Task objective
The answer should hold only the lines from the beginning of the listing below to the line containing "Na parking prostoru", both included, with every picture left out.

============

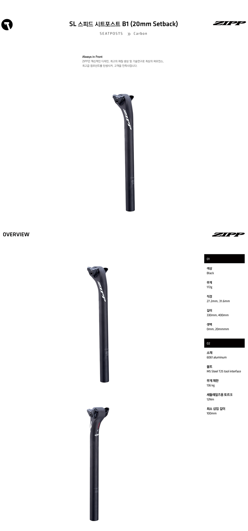 ZIPP SL 스피드 싯포스트 B1 (20mm Setback)
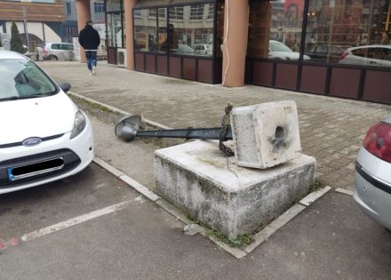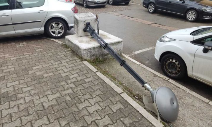 Na parking prostoru u Ulici Ivana Franje Jukića u centru Banjaluke noćas ili rano jutros oboren je stub javne rasvjete.
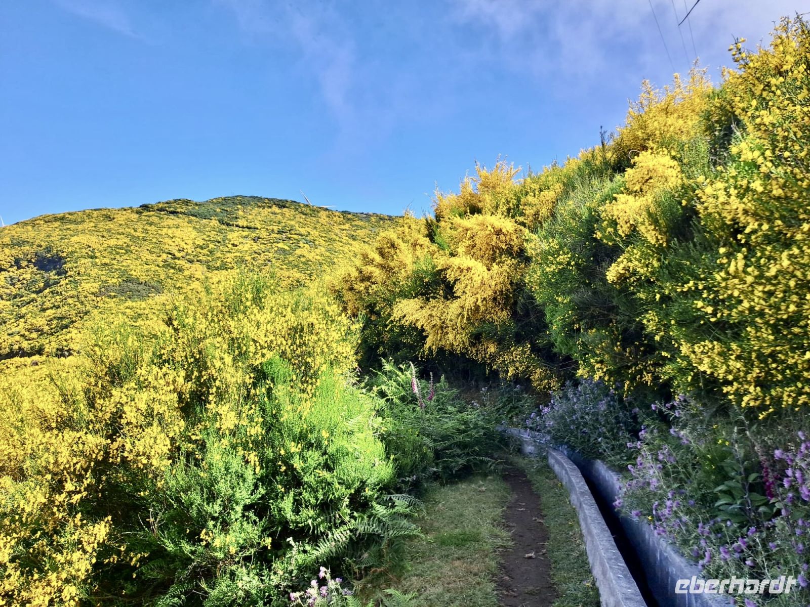 Zuerst besuchen wir den Orchideengarten Orchidis Quinta da Boa Vista und staunen über die Vielfalt. Wir haben die Pflanzen natürlich noch längst nicht satt und besichtigen als Nächstes des Palheiro Gardens, den Wohnsitz der Familie Blandy. Die Reise hat den Zusatz: mit mehr Bewegung und so ist eine Levadawanderung inmitten der schönen Vegatation der nächste Programmpunkt. Tolle Ausblicke bieten sich uns und besonders der gelbe Ginster hat es uns angetan.
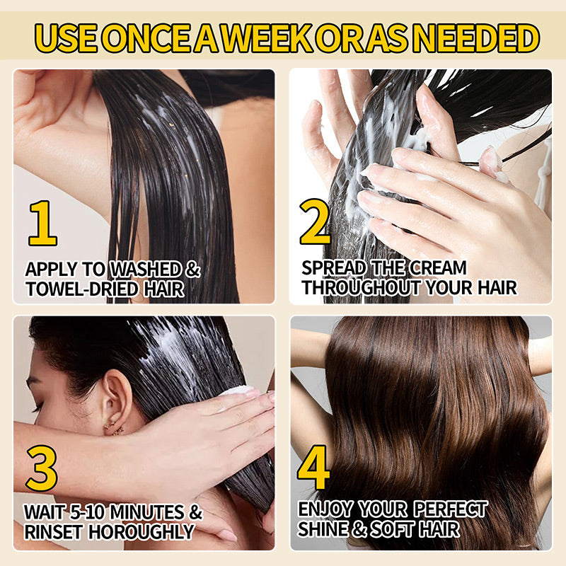 ŁATWA APLIKACJA I UŻYCIE:Zaprojektowana z myślą o wygodzie, wystarczy nałożyć maskę na czyste, wilgotne włosy, koncentrując się na ich długości i końcach. Pozostawić na 5-10 minut przed dokładnym spłukaniem dla uzyskania optymalnych rezultatów.
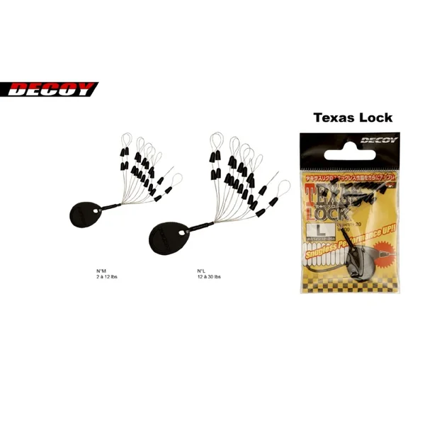 Stop Float Decoy Texas Lock Les bloqueurs Texas lock sont parfaits pour bloquer un leurre souple sur la hampe d’un hameçon mais également un plomb coulissant sur un montage carolina.
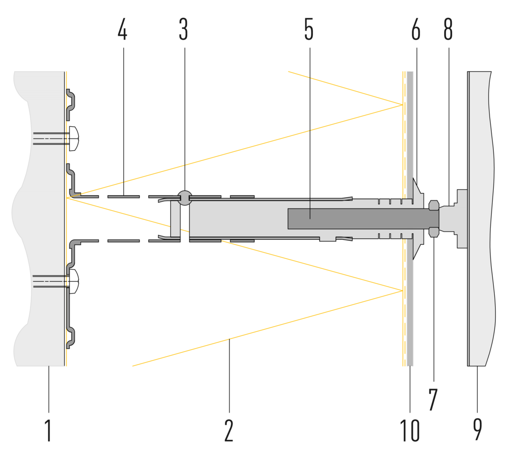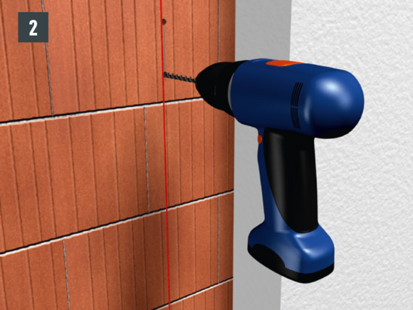 • W zaznaczonych punktach wiertłem o Ø 10 mm nawiercić otwory na głębokość odpowiadającą długości dybli obejm. Minimalna głębokość osadzenia w murze wynosi 70 mm (rys. 2).
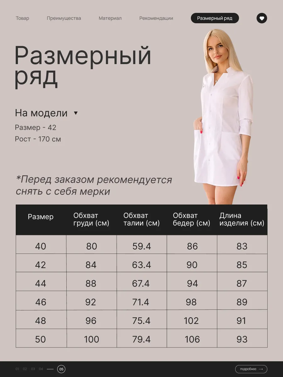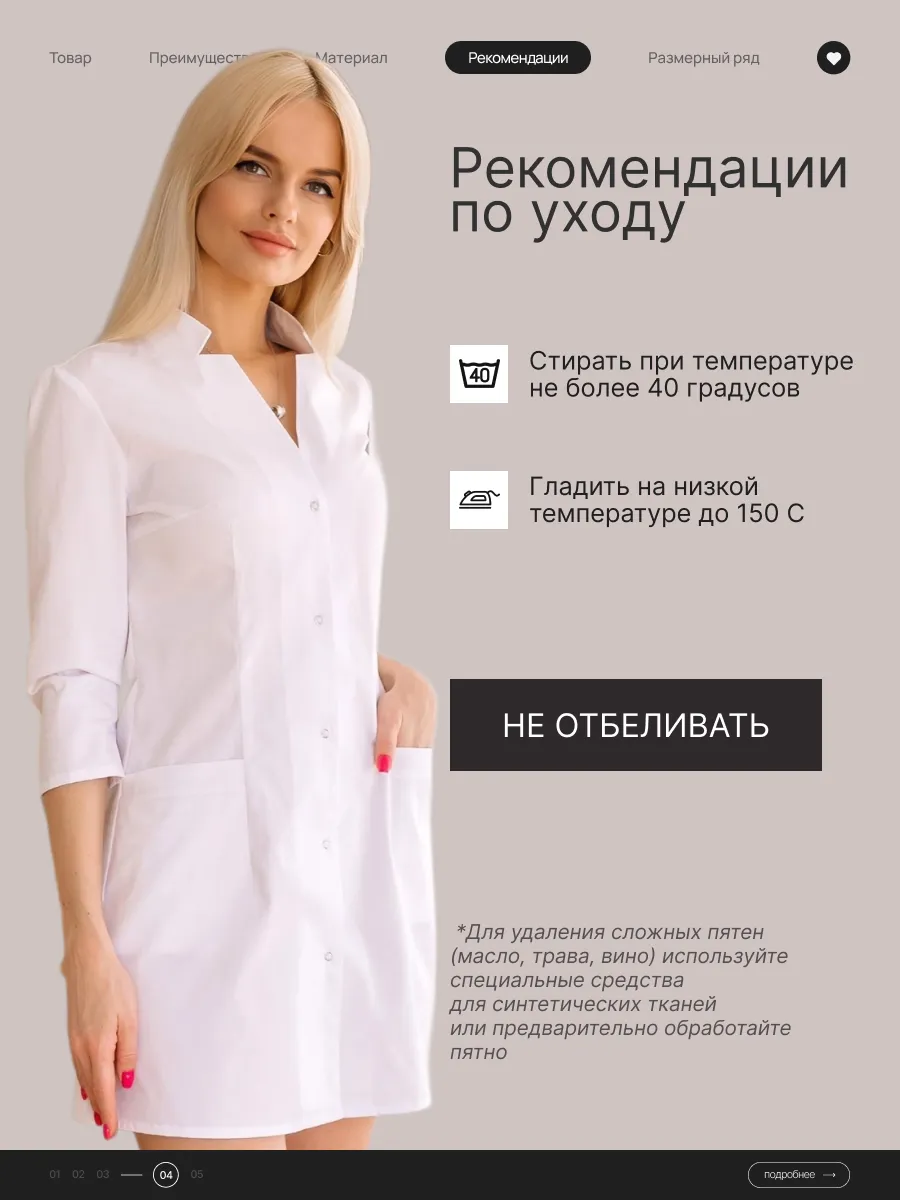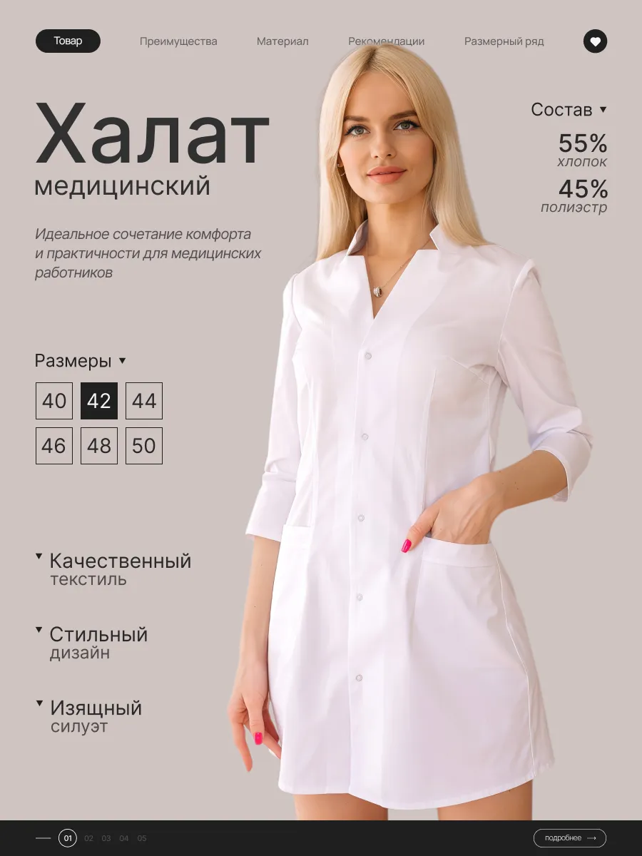 Стильный женский медицинский халат подойдет как для медработников, частных клиник, лабораторий, фельдшерам, фармацевтам, а так же для косметологам, салонам красоты, спа-центрам, где ценят время и проводят на ногах по 12 часов. Благодаря составу (55% хлопок, 45% полиэстер) ткань не мнется, позволяет коже дышать и выдерживает частые стирки, при высоких температурах, без потери формы и цвета. Никакой «серости» и желтизны – только ослепительный белый цвет день за днем.

============

Answer box
 ZIPP SL 스피드 싯포스트 B1 (20mm Setback)
 Na parking prostoru u Ulici Ivana Franje Jukića u centru Banjaluke noćas ili rano jutros oboren je stub javne rasvjete.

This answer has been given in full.